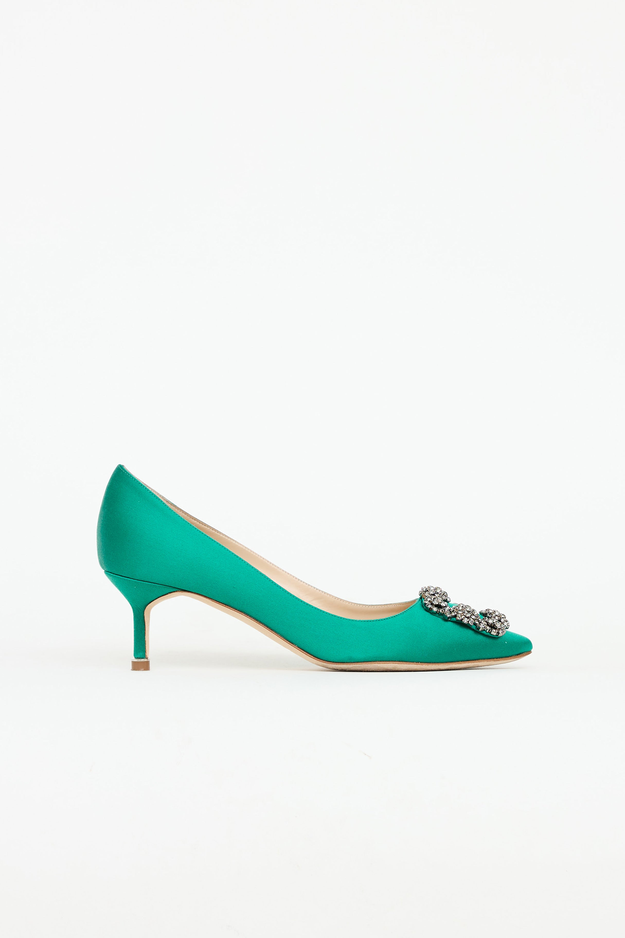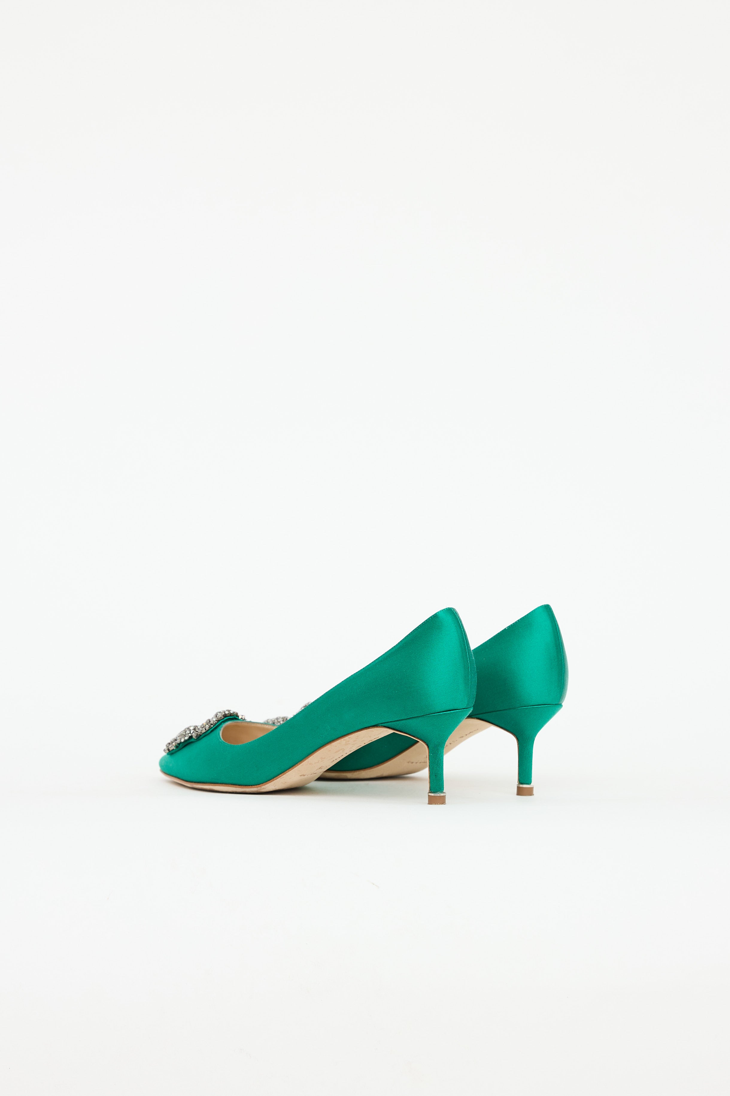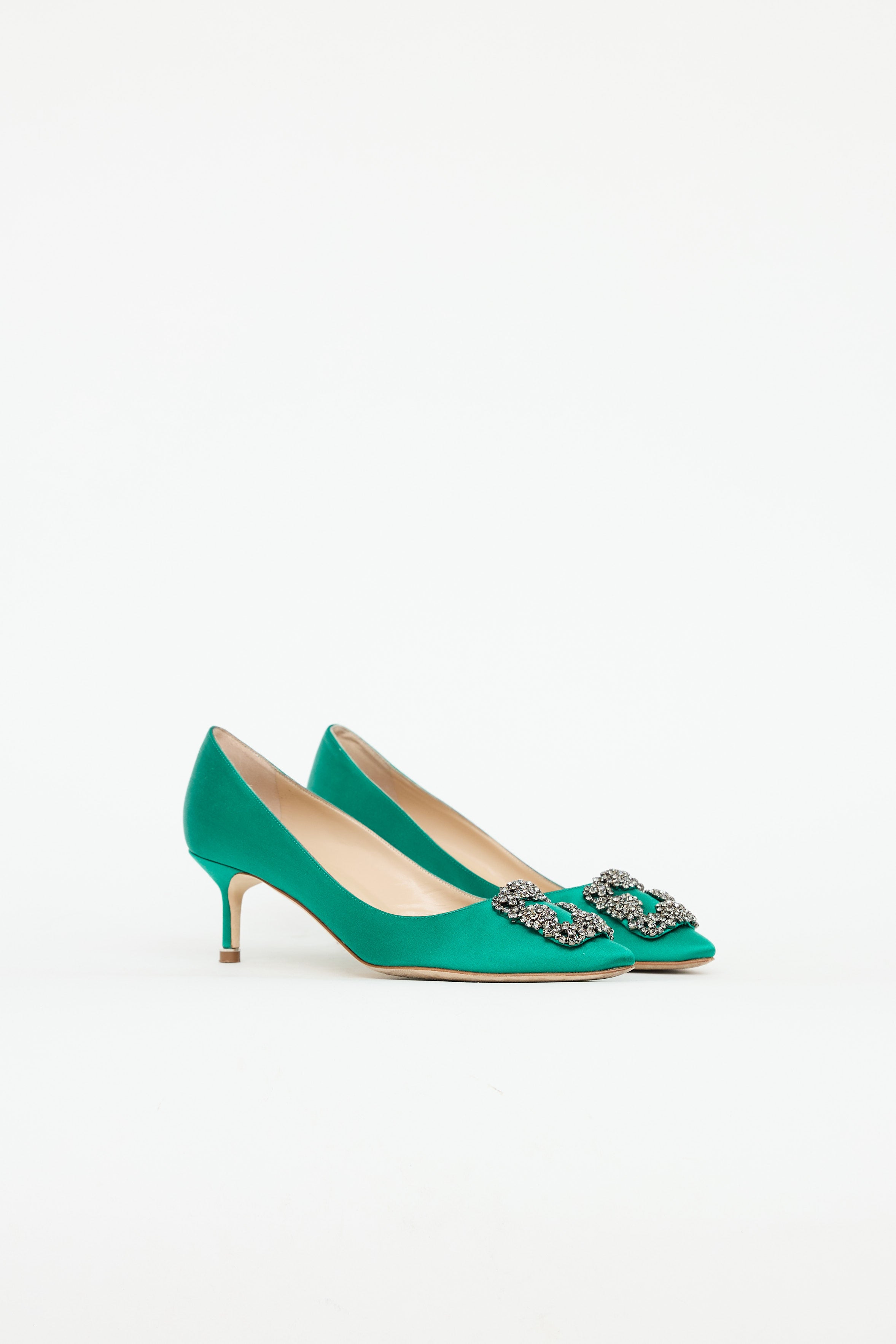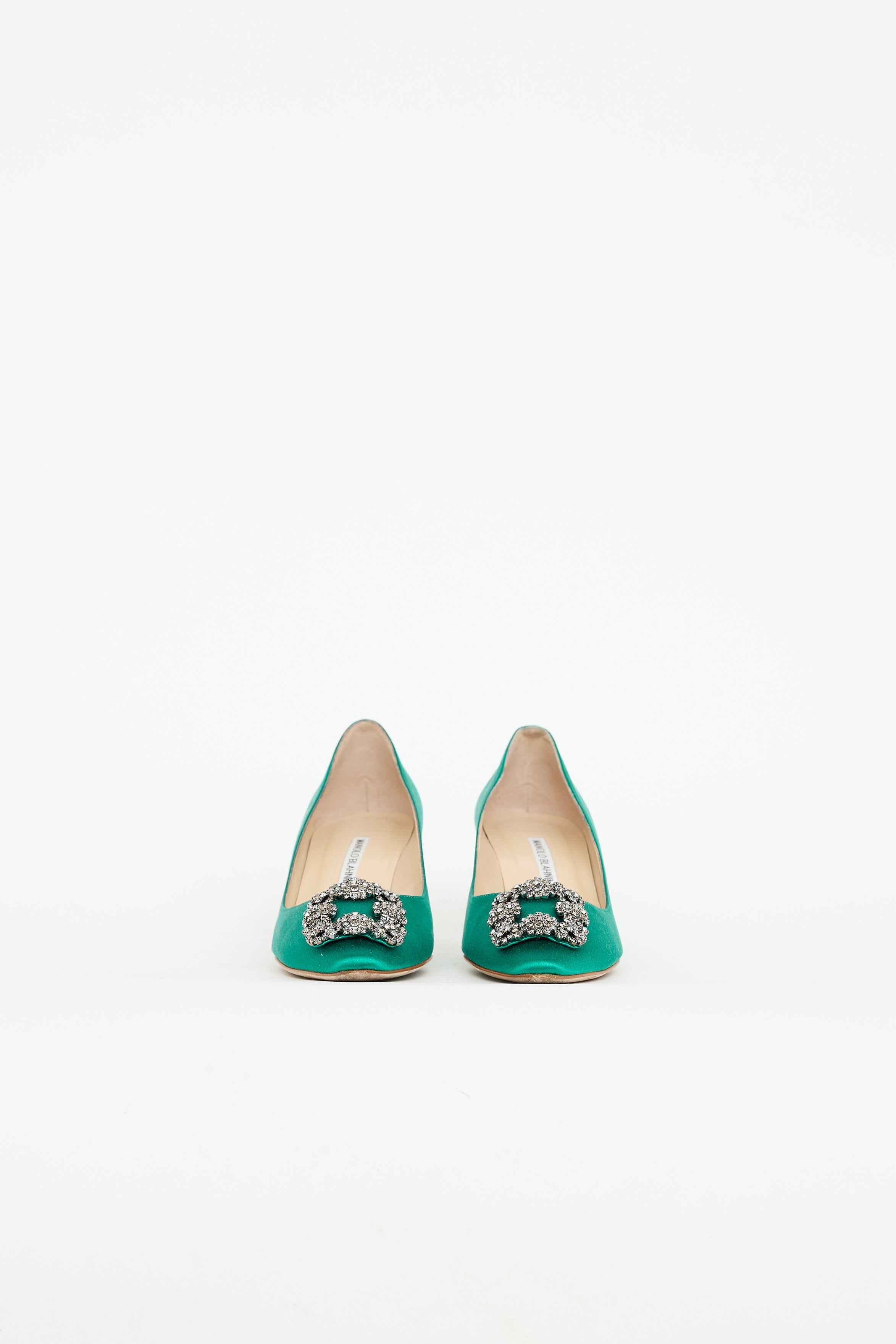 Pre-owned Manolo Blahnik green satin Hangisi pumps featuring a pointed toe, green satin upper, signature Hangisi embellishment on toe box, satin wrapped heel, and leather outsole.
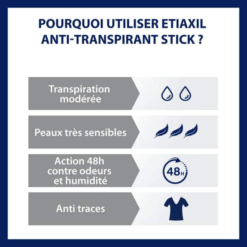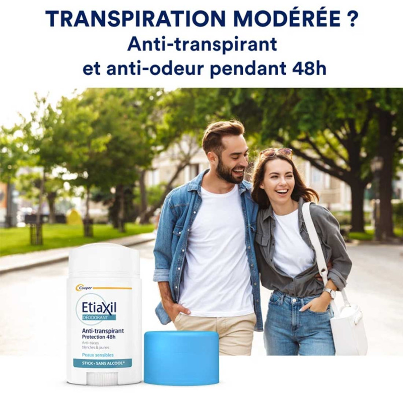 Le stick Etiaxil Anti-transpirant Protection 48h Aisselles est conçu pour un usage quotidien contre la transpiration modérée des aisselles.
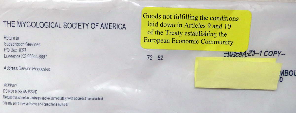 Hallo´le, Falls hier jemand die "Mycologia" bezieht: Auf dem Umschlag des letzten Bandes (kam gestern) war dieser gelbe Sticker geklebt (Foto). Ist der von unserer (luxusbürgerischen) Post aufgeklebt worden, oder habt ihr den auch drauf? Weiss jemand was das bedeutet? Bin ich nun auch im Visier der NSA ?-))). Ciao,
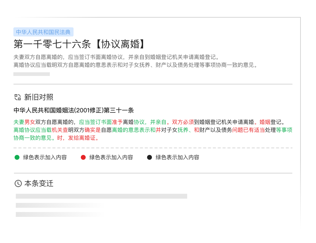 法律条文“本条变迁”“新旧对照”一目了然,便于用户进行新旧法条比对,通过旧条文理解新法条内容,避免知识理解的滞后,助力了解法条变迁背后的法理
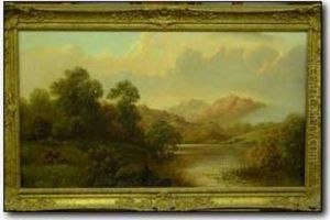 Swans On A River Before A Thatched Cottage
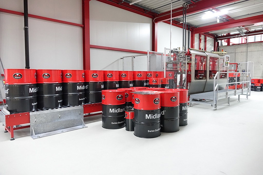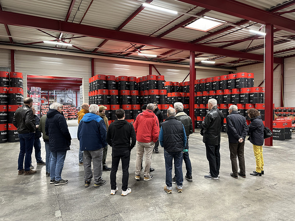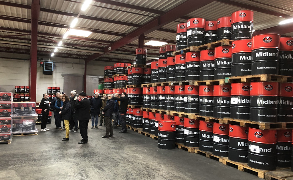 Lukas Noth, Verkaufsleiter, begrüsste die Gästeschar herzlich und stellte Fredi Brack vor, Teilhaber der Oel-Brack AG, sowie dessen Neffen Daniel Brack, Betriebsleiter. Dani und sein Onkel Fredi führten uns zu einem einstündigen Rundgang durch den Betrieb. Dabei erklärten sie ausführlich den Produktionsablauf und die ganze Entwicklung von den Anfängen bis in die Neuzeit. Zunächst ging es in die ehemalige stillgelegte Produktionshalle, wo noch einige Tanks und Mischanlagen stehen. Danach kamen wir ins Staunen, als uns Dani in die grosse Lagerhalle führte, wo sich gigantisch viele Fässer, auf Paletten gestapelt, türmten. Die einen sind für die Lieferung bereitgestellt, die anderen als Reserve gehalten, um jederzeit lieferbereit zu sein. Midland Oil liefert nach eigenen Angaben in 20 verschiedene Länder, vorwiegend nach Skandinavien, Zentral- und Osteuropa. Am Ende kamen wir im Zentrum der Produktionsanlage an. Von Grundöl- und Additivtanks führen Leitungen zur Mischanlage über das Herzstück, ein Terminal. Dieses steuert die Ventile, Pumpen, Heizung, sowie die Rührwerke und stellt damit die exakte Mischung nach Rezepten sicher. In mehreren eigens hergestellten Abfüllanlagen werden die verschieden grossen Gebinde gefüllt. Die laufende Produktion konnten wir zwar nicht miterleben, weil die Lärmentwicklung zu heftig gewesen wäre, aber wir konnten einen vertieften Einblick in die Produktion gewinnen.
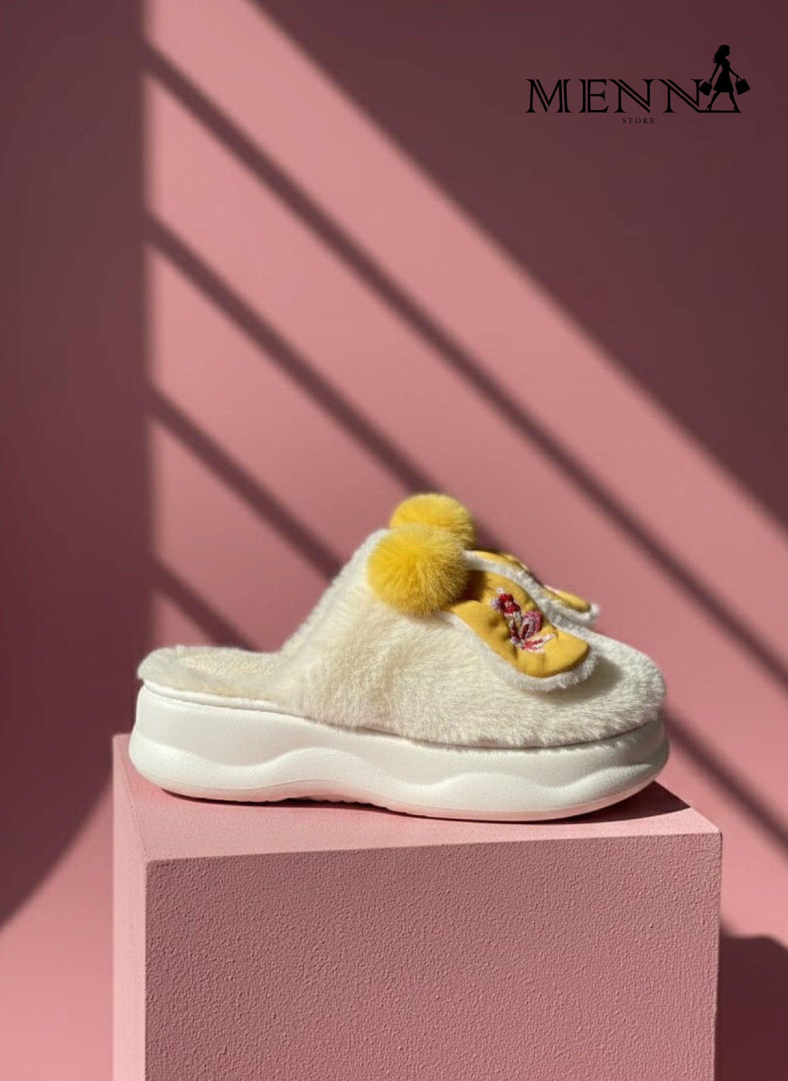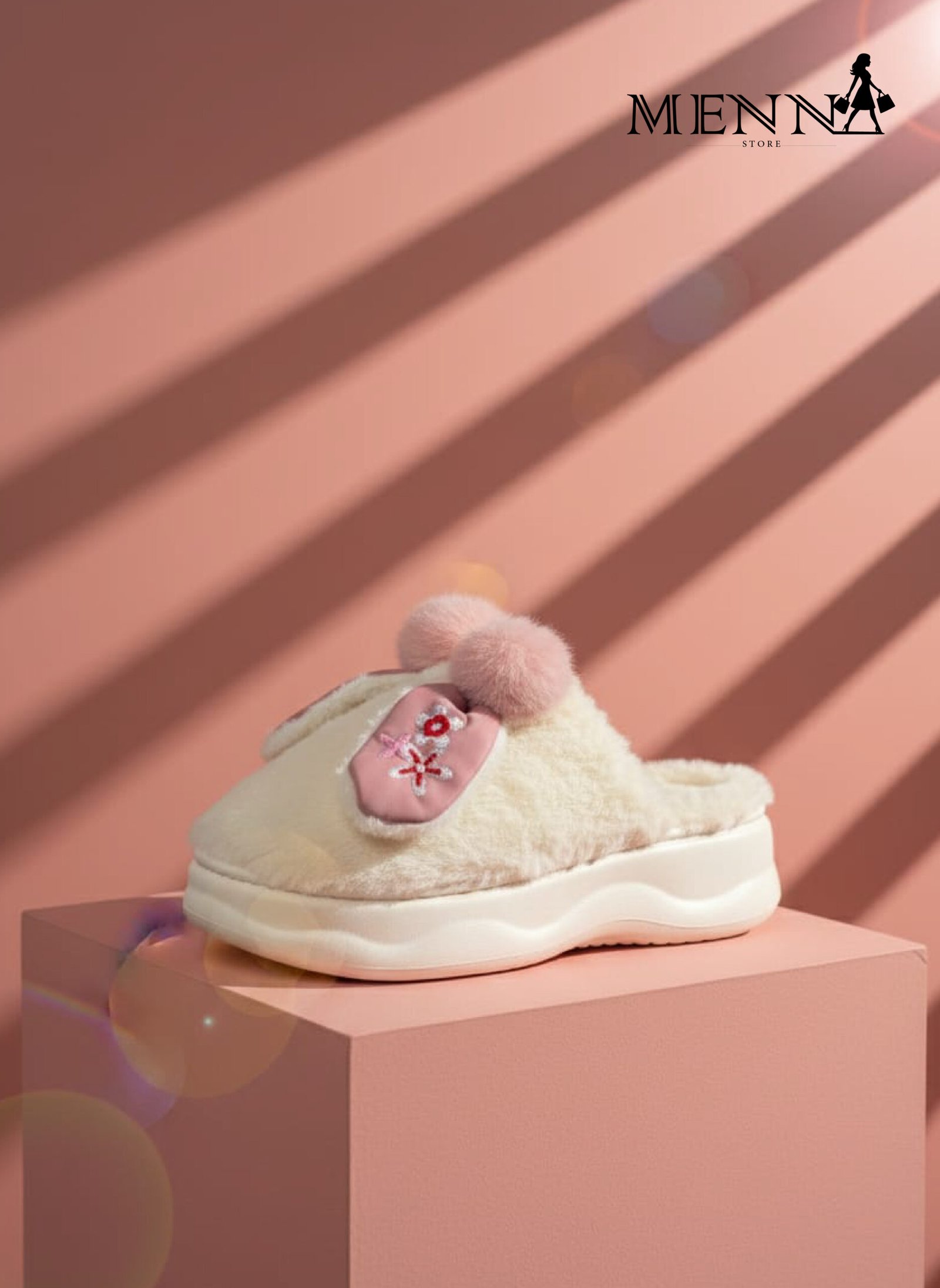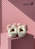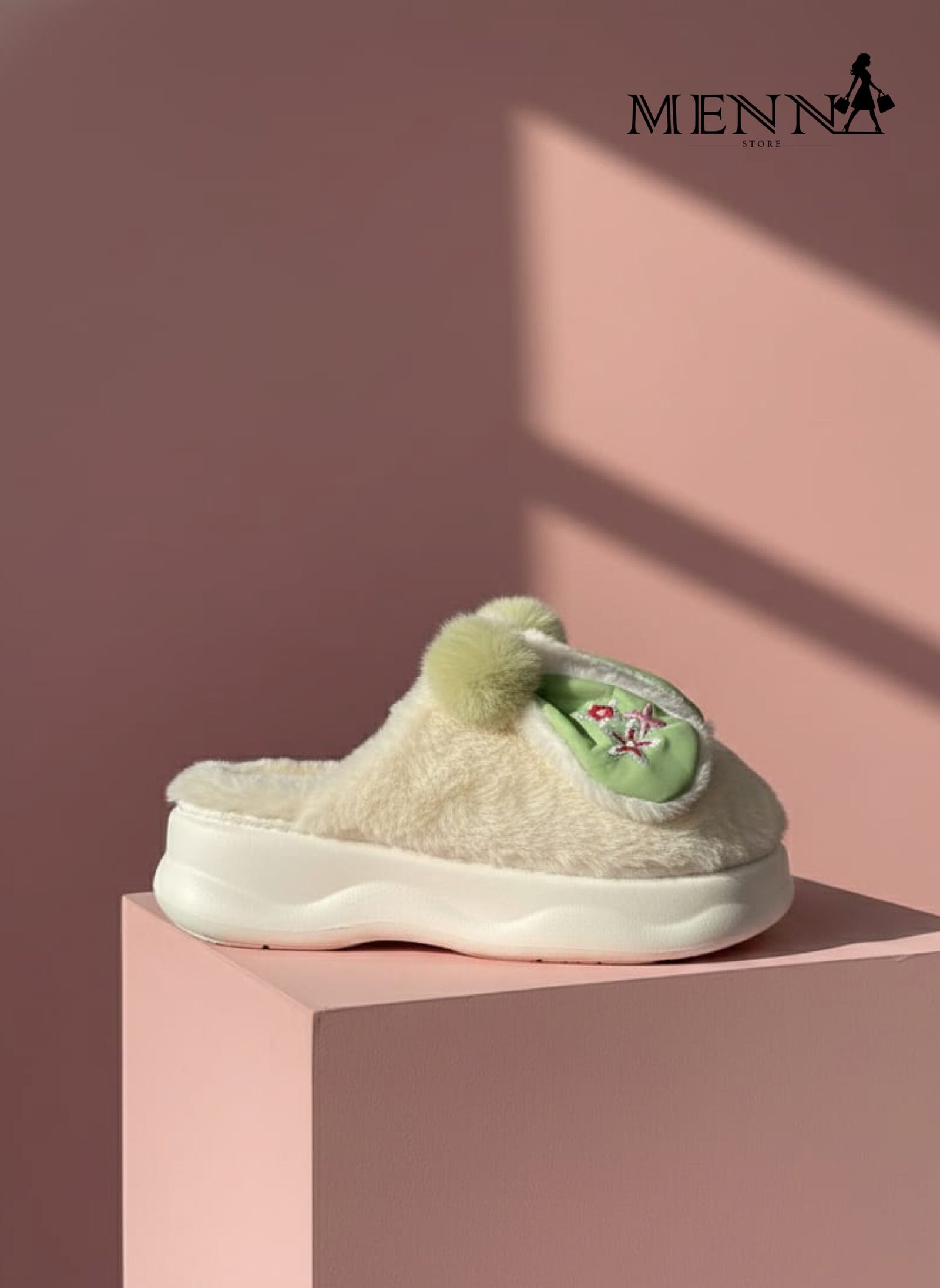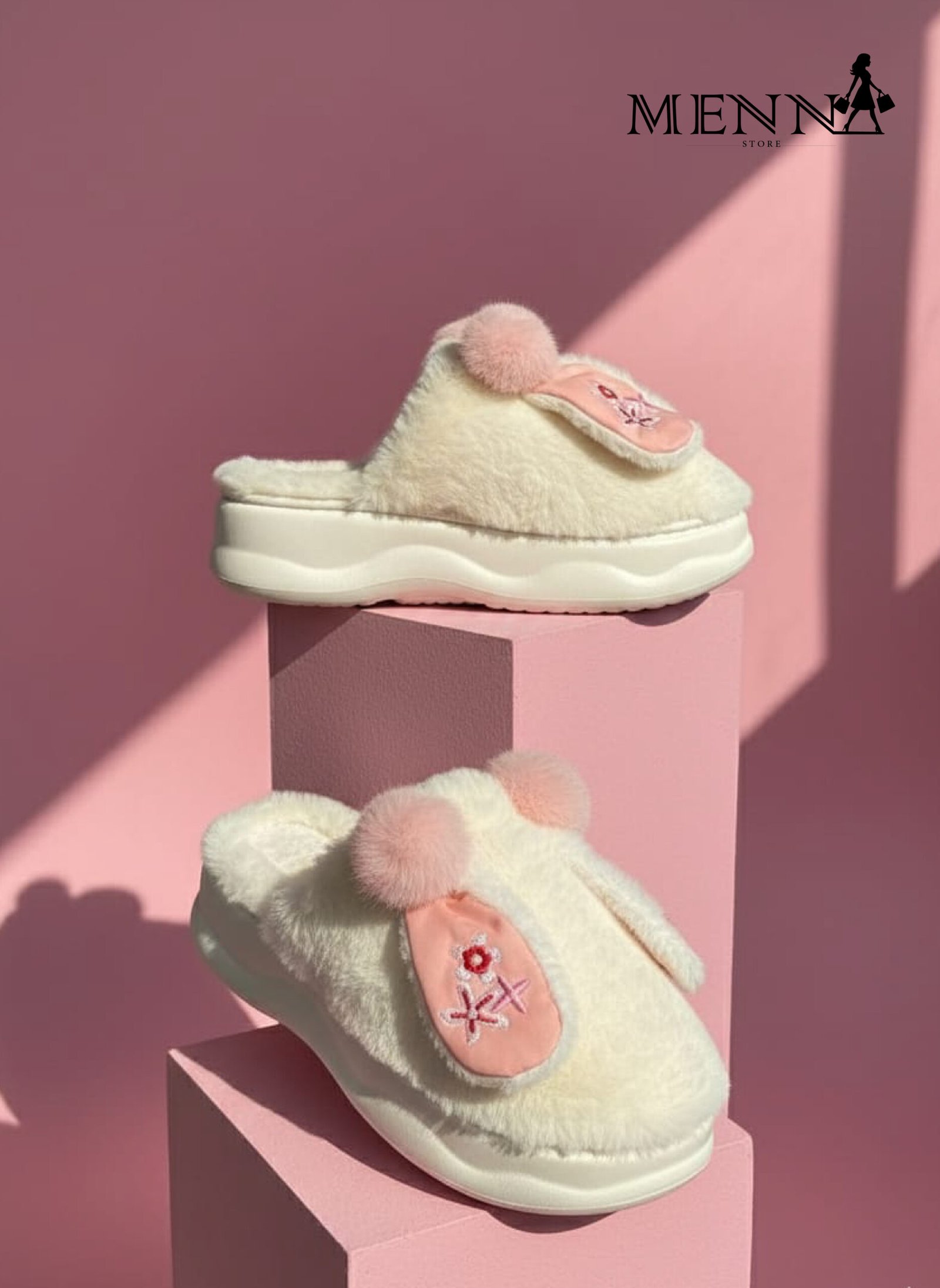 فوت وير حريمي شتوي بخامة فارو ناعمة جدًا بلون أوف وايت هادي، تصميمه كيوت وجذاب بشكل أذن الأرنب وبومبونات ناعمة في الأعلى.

....................

### TASK INSTRUCTIONS
With images excluded, write the records above out again exactly.

### SOLUTION
 Pre-owned Manolo Blahnik green satin Hangisi pumps featuring a pointed toe, green satin upper, signature Hangisi embellishment on toe box, satin wrapped heel, and leather outsole.
 Le stick Etiaxil Anti-transpirant Protection 48h Aisselles est conçu pour un usage quotidien contre la transpiration modérée des aisselles.
 Hallo´le, Falls hier jemand die "Mycologia" bezieht: Auf dem Umschlag des letzten Bandes (kam gestern) war dieser gelbe Sticker geklebt (Foto). Ist der von unserer (luxusbürgerischen) Post aufgeklebt worden, oder habt ihr den auch drauf? Weiss jemand was das bedeutet? Bin ich nun auch im Visier der NSA ?-))). Ciao,
 法律条文“本条变迁”“新旧对照”一目了然,便于用户进行新旧法条比对,通过旧条文理解新法条内容,避免知识理解的滞后,助力了解法条变迁背后的法理
 Swans On A River Before A Thatched Cottage
 Lukas Noth, Verkaufsleiter, begrüsste die Gästeschar herzlich und stellte Fredi Brack vor, Teilhaber der Oel-Brack AG, sowie dessen Neffen Daniel Brack, Betriebsleiter. Dani und sein Onkel Fredi führten uns zu einem einstündigen Rundgang durch den Betrieb. Dabei erklärten sie ausführlich den Produktionsablauf und die ganze Entwicklung von den Anfängen bis in die Neuzeit. Zunächst ging es in die ehemalige stillgelegte Produktionshalle, wo noch einige Tanks und Mischanlagen stehen. Danach kamen wir ins Staunen, als uns Dani in die grosse Lagerhalle führte, wo sich gigantisch viele Fässer, auf Paletten gestapelt, türmten. Die einen sind für die Lieferung bereitgestellt, die anderen als Reserve gehalten, um jederzeit lieferbereit zu sein. Midland Oil liefert nach eigenen Angaben in 20 verschiedene Länder, vorwiegend nach Skandinavien, Zentral- und Osteuropa. Am Ende kamen wir im Zentrum der Produktionsanlage an. Von Grundöl- und Additivtanks führen Leitungen zur Mischanlage über das Herzstück, ein Terminal. Dieses steuert die Ventile, Pumpen, Heizung, sowie die Rührwerke und stellt damit die exakte Mischung nach Rezepten sicher. In mehreren eigens hergestellten Abfüllanlagen werden die verschieden grossen Gebinde gefüllt. Die laufende Produktion konnten wir zwar nicht miterleben, weil die Lärmentwicklung zu heftig gewesen wäre, aber wir konnten einen vertieften Einblick in die Produktion gewinnen.
 فوت وير حريمي شتوي بخامة فارو ناعمة جدًا بلون أوف وايت هادي، تصميمه كيوت وجذاب بشكل أذن الأرنب وبومبونات ناعمة في الأعلى.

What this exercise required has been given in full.